Class to provide momentum-related information from ECLClusters. More...

#include <ClusterUtils.h>

Public Member Functions
	ClusterUtils ()
	Constructor.

const ROOT::Math::PxPyPzEVector	GetCluster4MomentumFromCluster (const ECLCluster *cluster, ECLCluster::EHypothesisBit hypo)
	Returns cluster four momentum vector.

const ROOT::Math::PxPyPzEVector	Get4MomentumFromCluster (const ECLCluster *cluster, ECLCluster::EHypothesisBit hypo)
	Returns four momentum vector.

const ROOT::Math::PxPyPzEVector	Get4MomentumFromCluster (const ECLCluster *cluster, const ROOT::Math::XYZVector &vertex, ECLCluster::EHypothesisBit hypo)
	Returns four momentum vector.

const TMatrixD	GetJacobiMatrix4x6FromCluster (const ECLCluster *cluster, ECLCluster::EHypothesisBit hypo)
	Returns 4x6 Jacobi matrix (px, py, pz, E)
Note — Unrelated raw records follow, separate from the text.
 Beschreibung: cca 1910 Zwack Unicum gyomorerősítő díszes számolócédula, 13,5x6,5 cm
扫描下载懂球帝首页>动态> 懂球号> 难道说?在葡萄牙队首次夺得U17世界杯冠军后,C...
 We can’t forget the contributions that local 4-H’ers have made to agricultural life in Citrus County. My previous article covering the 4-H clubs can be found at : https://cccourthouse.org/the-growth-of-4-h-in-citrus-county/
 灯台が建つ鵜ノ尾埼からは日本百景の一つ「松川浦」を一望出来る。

const TMatrixD	GetJacobiMatrix4x6FromCluster (const ECLCluster *cluster, const ROOT::Math::XYZVector &vertex, ECLCluster::EHypothesisBit hypo)
	Returns 4x6 Jacobi matrix (px, py, pz, E)
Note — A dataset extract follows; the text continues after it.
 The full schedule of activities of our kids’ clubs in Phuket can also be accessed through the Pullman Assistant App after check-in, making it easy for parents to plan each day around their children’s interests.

const TMatrixDSym	GetCovarianceMatrix3x3FromCluster (const ECLCluster *cluster, int particleHypo=Const::photon.getPDGCode())
	Returns 3x3 covariance matrix (E, theta, phi)

const TMatrixDSym	GetCovarianceMatrix4x4FromCluster (const ECLCluster *cluster, const TMatrixD &jacobiMatrix)
	Returns 4x4 covariance matrix (px, py, pz, E)

const TMatrixDSym	GetCovarianceMatrix4x4FromCluster (const ECLCluster *cluster, const TMatrixDSym &covmatvertex, const TMatrixD &jacobiMatrix)
	Returns 4x4 covariance matrix (px, py, pz, E)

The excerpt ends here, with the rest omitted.